Obesity, Altered Fat Levels May Worsen Severity of RRMS, Study Found

Obesity, altered lipid (fat) levels, and elevated leptin — an hormone produced by fat cells — may contribute to neuroinflammation, and worse disease severity in people with relapsing-remitting multiple sclerosis (RRMS), research has found.

A study with the findings, titled “Obesity worsens central inflammation and disability in multiple sclerosis,” was published in Multiple Sclerosis Journal.

Prior studies revealed a link between metabolic unbalance, inflammation, and neurodegeneration in multiple sclerosis (MS). Obesity during childhood and adolescence is a known risk factor for MS, and alterations in the fat, or lipid, metabolism have been associated with a worse disease course in patients.

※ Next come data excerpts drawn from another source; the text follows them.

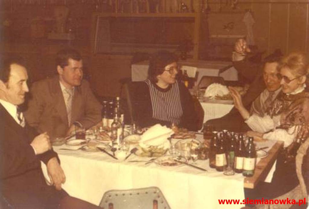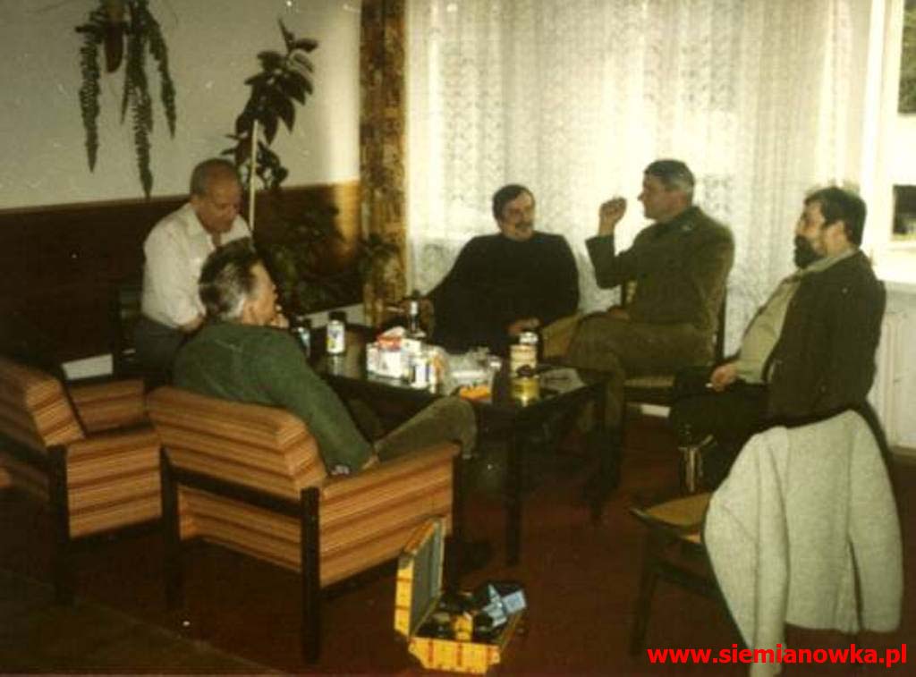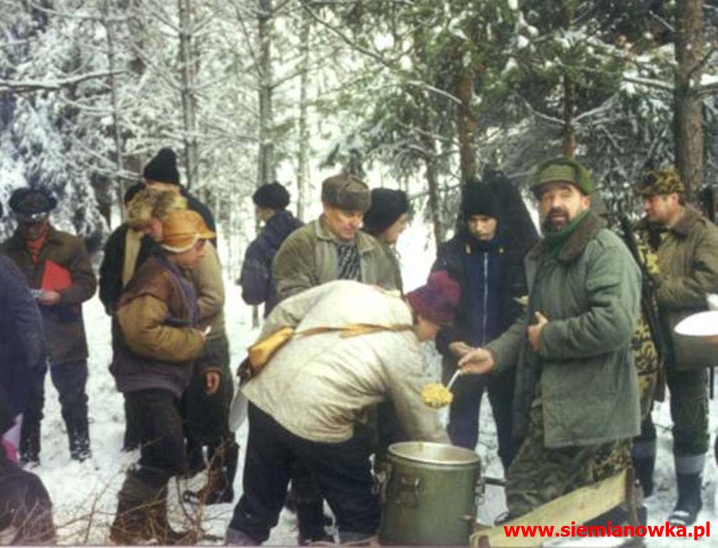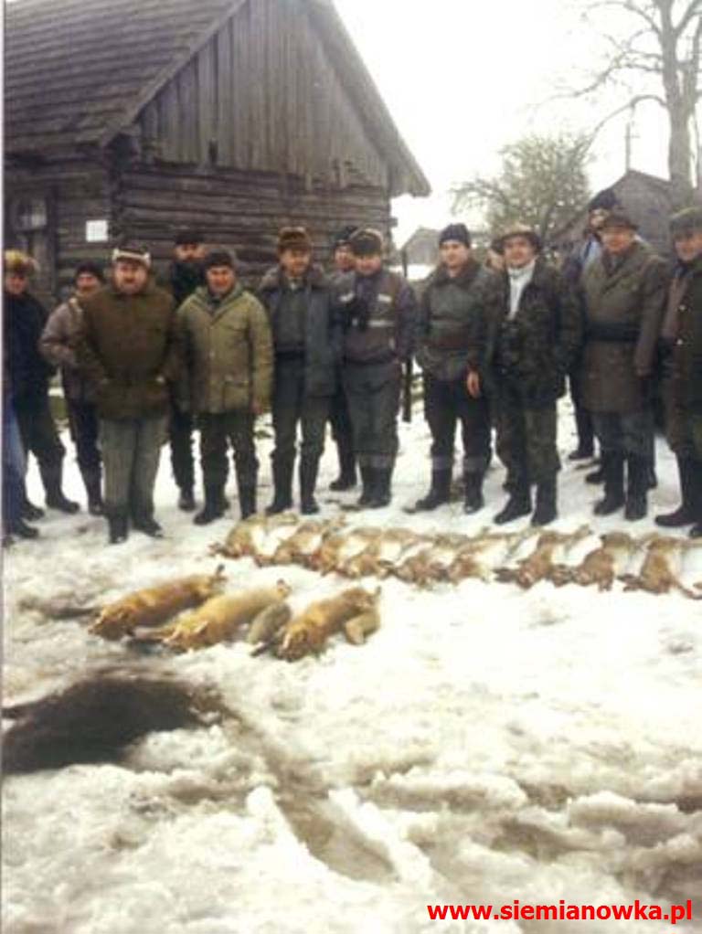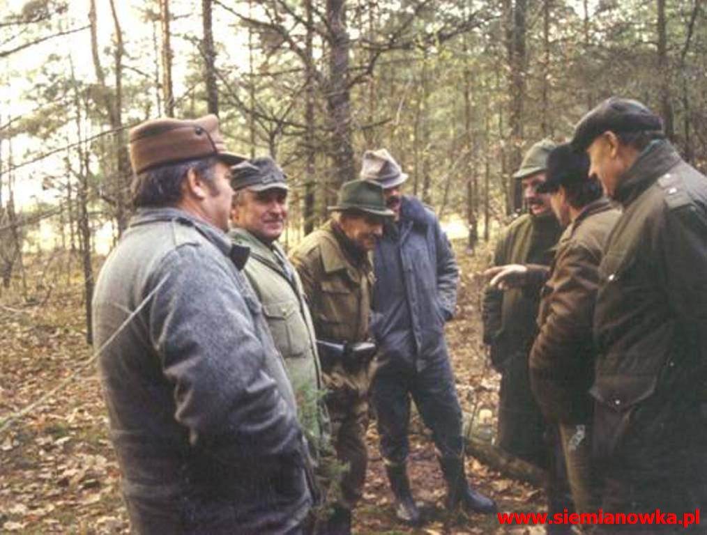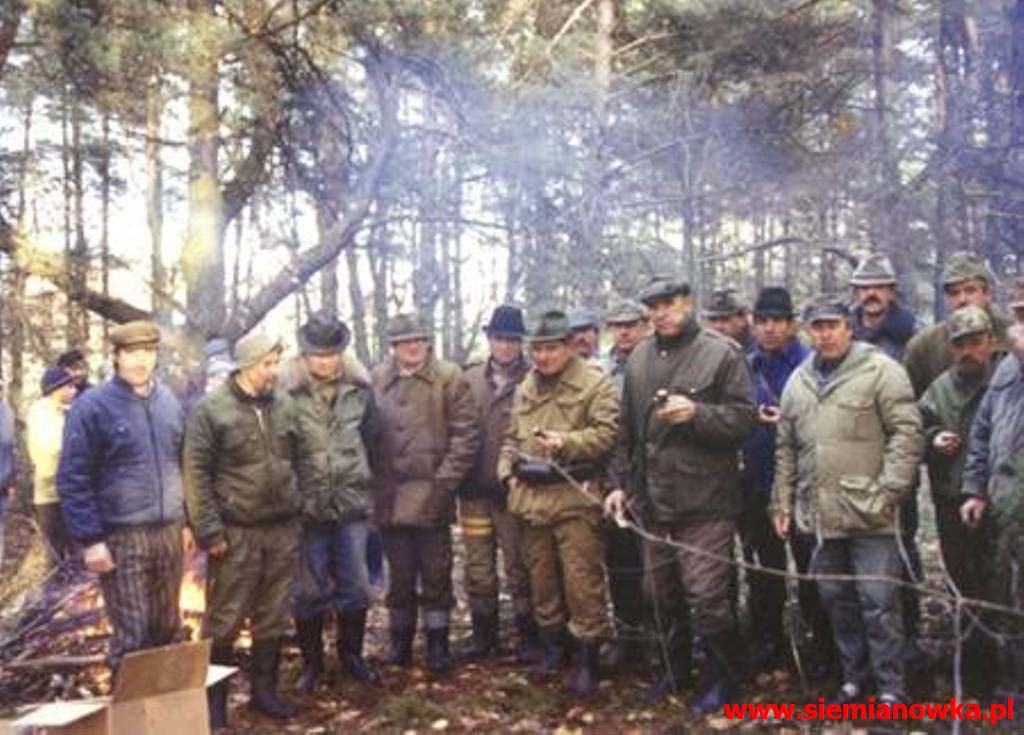 ![Myśliwi na zbiórce do polowania zborowego w obwodzie 100 we wsi Olchówka. Pierwszy od prawej strażnik łowiecki na obwód 100 kolega Jerzy Skiepko, jednocześnie prowadzący polowanie w dniu 3 stycznia 1999 r.]()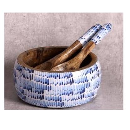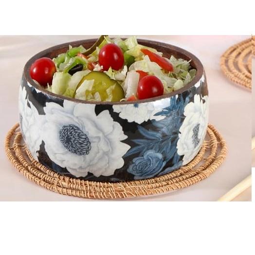 ชามเคลือบลายพิมพ์สำหรับใส่ผลไม้และผัก ใช้สำหรับผสมและเสิร์ฟ ชามไม้สำหรับใส่สลัดและผลไม้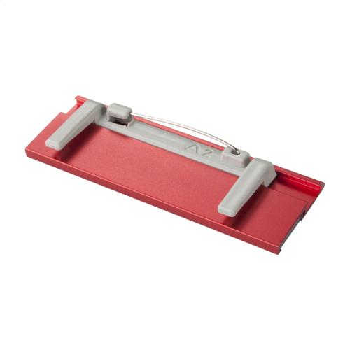 Aluminium name tag pin with replaceable paper and plastic parts.
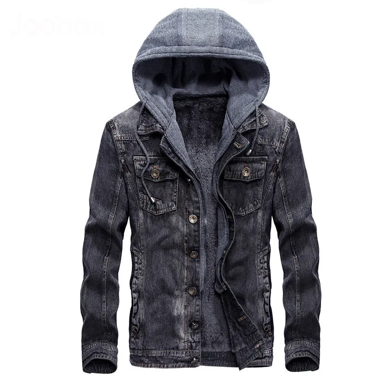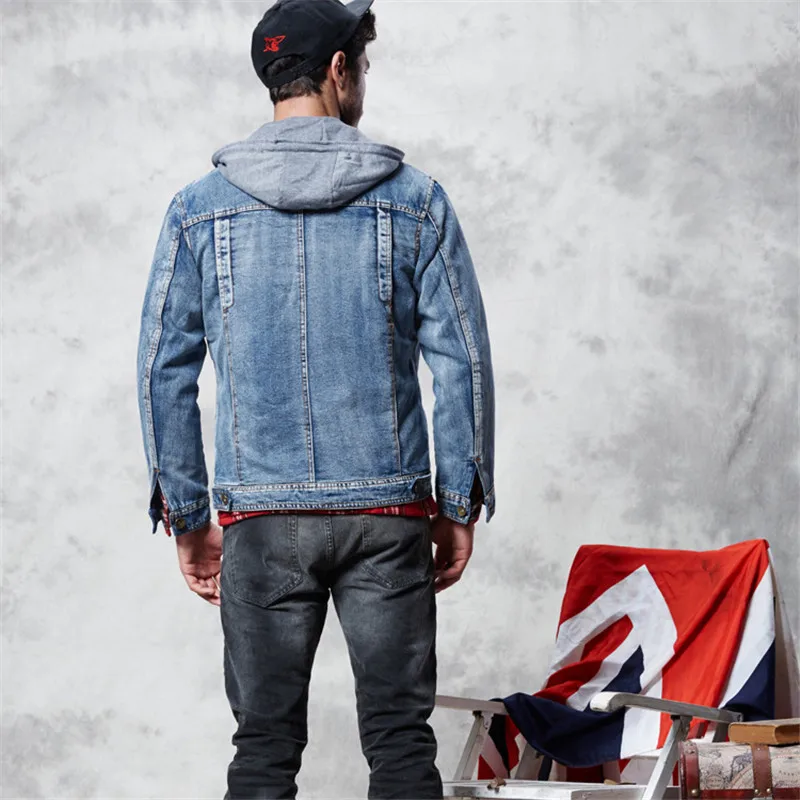 Мужская джинсовая куртка с капюшоном, модное зимнее джинсовое пальт...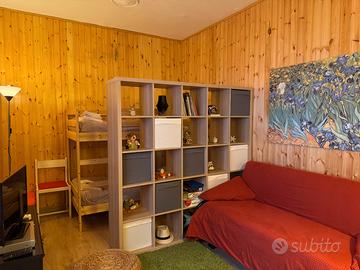 L'appartamento può ospitare fino a 4 persone ed è composto da una camera matrimoniale, un ampio soggiorno con letto a castello separato da divisore in legno, cucinotto e bagno. È dotato di riscaldamento autonomo, TV satellitare, divano letto e posto auto; la locazione include biancheria da letto e da bagno.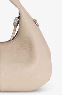 This bag features a top handle, adjustable and removable strap and a zipper closing. The bag has a mirror hangtag and an internal pocket. DETAILS - 52% recycled polyester, 48% polyurethane. Learn more about our materials - Lining composition: 85% Recycled Polyester 15% Polyester - Grained texture - Top handle - Adjustable and removable shoulder strap - Silver-tone GANNI Butterfly logo - GANNI embossed logo on the back of the bag - Zipper closing - Metallic dice with a GANNI and Butterfly logo engraved - Mirror hangtag - One compartment - Internal patch pocket Made in: China Product ID: A6978 SIZE & FIT - Shoulder strap: 60 cm - Height: 24.5 cm - Width: 24 cm - Depth: 12 cm - For personalised guidance on sizing and fit, contact our Customer Service team - here - .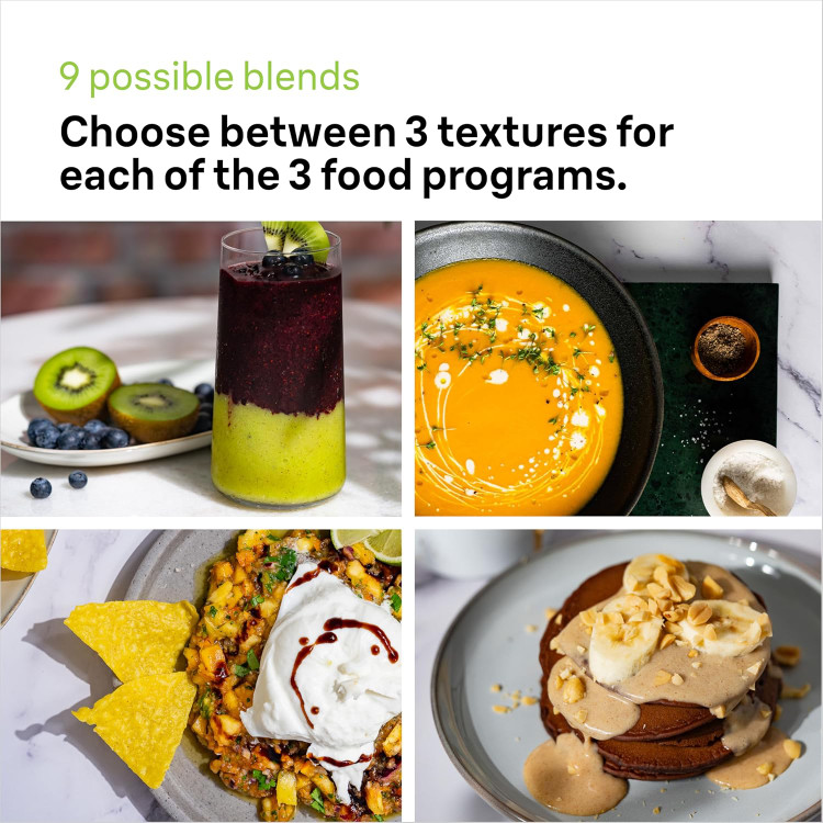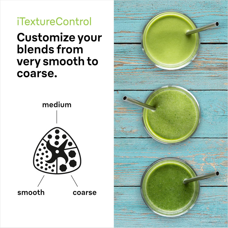 - iTextureControl با ۹ برنامه غذایی و سه بافت متفاوت (نرم، متوسط و درشت): امکان انتخاب دقیق بافت نهایی غذا یا نوشیدنی شما، با سه مرحله ساده: انتخاب برنامه، تعیین بافت، فشار دادن دکمه شروع.
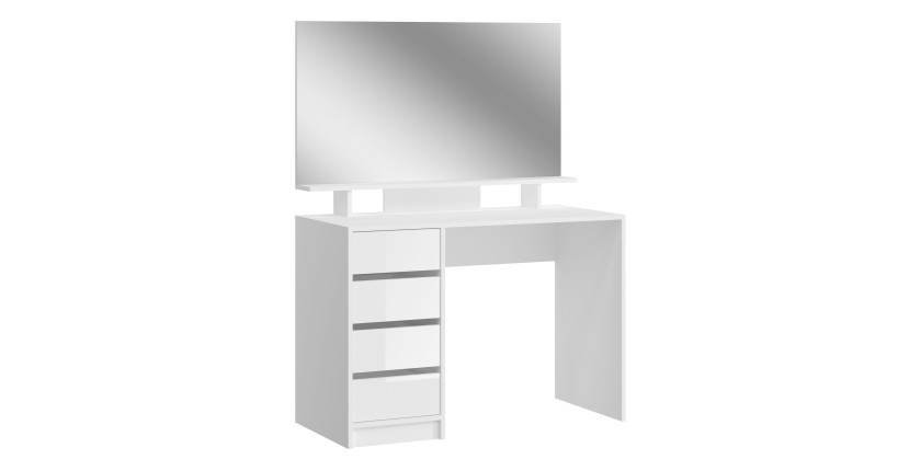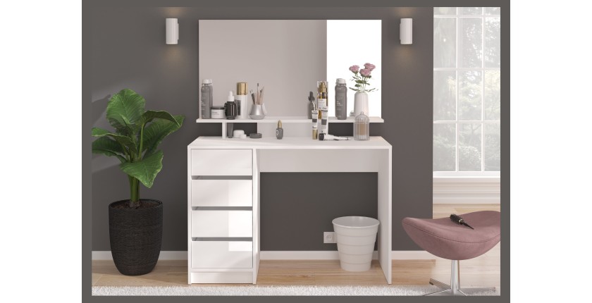 La coiffeuse intègre 4 tiroirs de rangement latéraux, dont un compartiment avec une niche ouverte en bas, idéal pour les objets du quotidien. Sa finition blanche laquée reflète la lumière et s’adapte facilement à tout type de décoration.

Researchers at the unit of neurology and neurorehabilitation at IRCCS Neuromed, in Italy, were interested in better understanding the relationship between lipid metabolism and MS because, they said, “interventions aimed at lowering abnormal serum lipid levels could reduce the accumulation of disability.”

To that end, they examined 140 RRMS patients to assess whether an elevated body mass index (BMI; a reflection of body fat mass), and an increase in lipids in the blood at the time of diagnosis, correlated with inflammation of the central nervous system (CNS; brain and spinal cord) and MS severity.

Among the participants, 83 had a normal weight, 33 were considered overweight, and 24 filled the criteria for obese.

Neuroinflammation was assessed by measuring multiple inflammatory molecules in patient samples of cerebrospinal fluid (CSF), a body fluid running through the brain and spinal cord. The CSF was collected by spinal tap.

The investigators then analyzed the lipids concentration in blood (serum), including triglycerides, total cholesterol, and high-density lipoprotein cholesterol (HDL), known as “good” chlolesterol.

The data revealed that, at the time of MS diagnosis, obese patients had a greater risk of disability, as measured by the Expanded Disability Status Scale (EDSS), a commonly used measure of MS severity.

Moreover, obesity was accompanied by higher levels of interleukin-6 (IL-6) and leptin, two well-known promoters of inflammation. Leptin is an hormone, released by fat cells in adipose tissue (a storage organ), that conveys signals to the brain. Leptin also is known to support pro-inflammatory responses against the CNS.

Unlike IL-6 and leptin, the CSF of obese patients tended to have less interleukin-13 (IL-13), an anti-inflammatory factor.

In contrast, more triglycerides and a higher ratio of total to HDL cholesterol — known as “bad” cholesterol — were associated with higher IL-6 levels in the CSF, the researchers said. This supports the relationship between the amount of lipids in the blood and neuroinflammation.

“This study confirms that obesity is associated with greater symptomatic severity of relapsing-remitting multiple sclerosis. In particular, the analysis of cerebrospinal fluid has highlighted the role of leptin produced by fat cells,” Mario Stampanoni Bassi, MD, neurologist at Neuromed and lead author of the study, said in a press release.

The results “suggest that excessive body weight, or altered lipid profile, are associated to increased central inflammation causing a worse clinical expression of the disease,” Stampanoni said.

The team said these findings “could provide new therapeutic opportunities aimed at limiting the negative impact of altered lipid metabolism on inflammatory response in MS, representing useful adjunctive strategies to modify the course of this potentially devastating disease.”

The study’s senior leader, Diego Centonze, MD, PhD, emphasized approaches focused on diet and exercise.

“Specific strategies, such as diet or increased physical activity, may therefore pave the way to the possibility of improving the condition of patients with multiple sclerosis, contrasting the increase of disability over time,” said Centonze, professor at University of Rome Tor Vergata and head of the neurology unit at Neuromed.